2. The Federal Power Commission has authority over the sales to the County and to the Navy. Pp. 312-316.

(a) The provision of subsection (c) of § 201 that "sale of electric energy at wholesale" means a sale to any "person" for resale, is not to be construed as excluding sales to a municipality or to the Navy. Pp. 312-316.

(b) The addition of the word "person" in the definitions in § 201(d) was not intended as a limitation on the jurisdiction of the Commission. P. 313.

3. The sales here were not exempt from Commission jurisdiction under § 201(b) as sales over "local distribution" facilities, and they were "for resale" though the contracts did not so specify. P. 316.
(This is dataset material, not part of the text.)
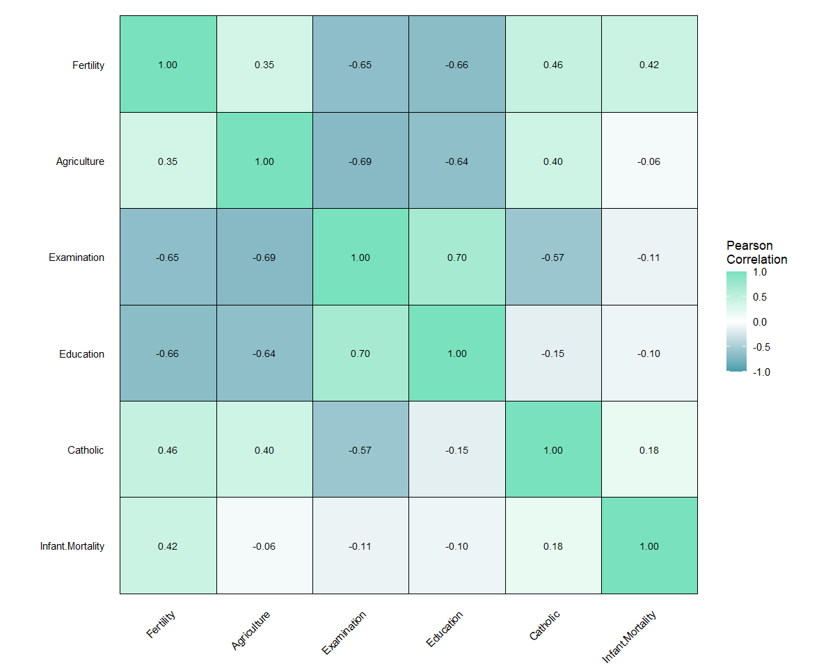 plot_corr(data = swiss, type = "lower", show_sig = TRUE, sig_only = TRUE)

4. Whether the Federal Power Commission may exercise rate authority over the entire amount of power sold or merely that which is resold by the Navy is a question which is not ripe for consideration by this Court on the instant record. Pp. 316-318.

Reversed.

Orders of the California Public Utilities Commission asserted jurisdiction over rates for certain sales of electric power by the respondent power company. 50 Cal.P.U.C. 749; 89 P.U.R.(N.S.) 359. The State Supreme Court denied review, thus affirming the orders. This Court granted certiorari. 344 U.S. 810. Reversed, p. 318.